All of these simulations carry significant risks. If the extrapolations aren’t accurate enough, the actual machines engineers are asked to build could lead to costly breakdowns.
“Fusion can’t afford many wrong turns,” Gaffney said. Additionally, although less expensive than prototyping, simulations are still expensive, consuming computing resources that can take days, weeks, or even months to complete.
Let me Google this for you
Controlling plasma – the gaseous soup of subatomic particles at the heart of a Tokomak fusion power plant – is a crucial challenge that Google has been addressing. In 2022, its AI division – Google Deepmind – used augmentation algorithms to demonstrate the first AI-driven magnetic control system at EPFL’s TCV tokomak in Switzerland. He transferred a control policy developed during tokomak simulations directly into tokomak hardware, demonstrating that AI systems can regulate and respond in real time to plasma conditions.
Craig Donner, principal engineer at DeepMind, said: “This was really the first proof of principle that AI can work not only in simulation environments, but also in complex hardware environments for very fast and reliable control. real-time with many inputs and outputs. »
Using nuclear power to power energy-hungry AI
Lindsay McQuade, director of energy at Amazon Web Services who sponsored the reportsaid: “As cloud computing and AI continue to evolve, the amount of energy needed to power them increases. This makes the exploration of new energy sources, such as fusion, more important than ever.
While fusion proponents predict the technology could revolutionize energy production by providing clean baseload energy, it is unclear how quickly the technology can help decarbonize the economy. Interest in this technology is certainly growing, with the number of fusion companies created quadrupling from ten to 40 since 2017.
Yet one study carried out by engineers from MIT released last month noted that commercial plant costs are currently unknown given the current level of technological development. Depending on costs, the study reveals that the global share of fusion in electricity production in 2100 could vary between 10 and 50%.
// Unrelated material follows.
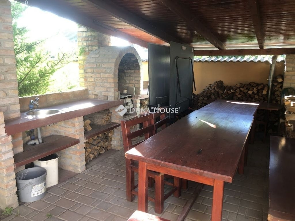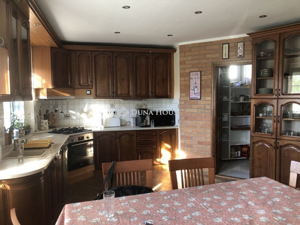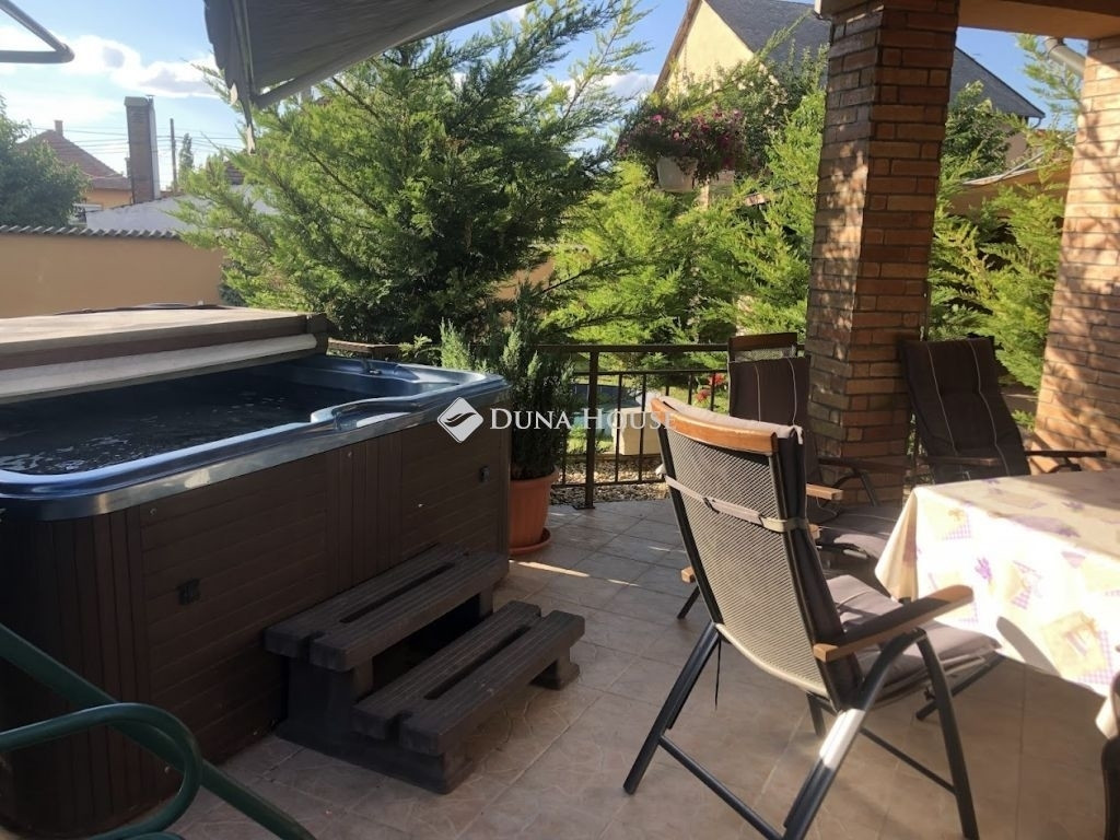 Mediterrán stílus kedvelői figyelem!Itt mindent megtalál, ami kell!Ha szereti a minőségi burkolatokat és az igazi fából készült konyhabútort és beépített szekrényeket, a tujákkal és virágokkal tarkított kertet, akkor érdemes a hirdetés elolvasása után időpontot kérni és személyesen is megnézni ezt az ingatlant!A ház belső kialakítása is jól megtervezett, hiszen nemcsak - közvetlen teraszkapcsolatos konyha van étkezővel, de van kamra is, - az árnyékos teraszon tölthetjük a vasárnapi ebédünket, de a jakuzziban is megmártózhatunk, - mindkét szinten van fürdőszoba, az egyik zuhanyzós a másik sarokkádas kialakítású, - a háztartási helységben elegendő hely van a mosó- és szárítógépnek is, - a szobák világosak és kettőhöz saját gardrób is tartozik, - a nappaliból jó időben közvetlenül a teraszra juthatunk ki, télen pedig bent egy kandalló biztosítja a tökéletes karácsonyi hangulatot, - kétállásos garázs felel az autóink biztonságáért, - további egyállásos garázsban van lehetőség például a kerékpárok, robogók tárolására, - a fedett sütőgető helyen nagyobb családi vagy baráti összejöveteleket is tarthatunk. A ház rezsije igen kedvező, mivel - 38 cm vtg-ban POROTHERM falazóblokkból készült, az egyedi gyártású ablakok fából, hőszigetelő üvegezéssel ellátva, - az ablakokon alumínium redőnyök vannak (új szúnyoghálókkal)- 2 db 3,5 kw hűtő/fűtő klíma egészíti ki a gázcirkó által működtetett radiátoros (szobákban) + padlófűtést (kerámia burkolatos helyiségekben)- 19 db napelem 5 kW-os inverterrel biztosítja, hogy a villanyszámlával már ne kelljen foglalkoznunk. Gondosan karbantartott ingatlan, ahová csak költözni kell.Várom megtisztelő hívását!

What is evident is tech companies’ growing interest in using nuclear power to power their power-hungry AI data centers with cleaner energy. The IEA predicts that electricity consumption by data centers and artificial intelligence could double between 2022 and 2026, consuming enough electricity to power Japan.
In September, Microsoft signed a $3 billion deal that could allow Constellation Energy to restart its shuttered nuclear reactor at Three-Mile Island in the United States. Last month, Kairos Power signed a deal with Google to build a new nuclear power plant by 2030 to power its data centers.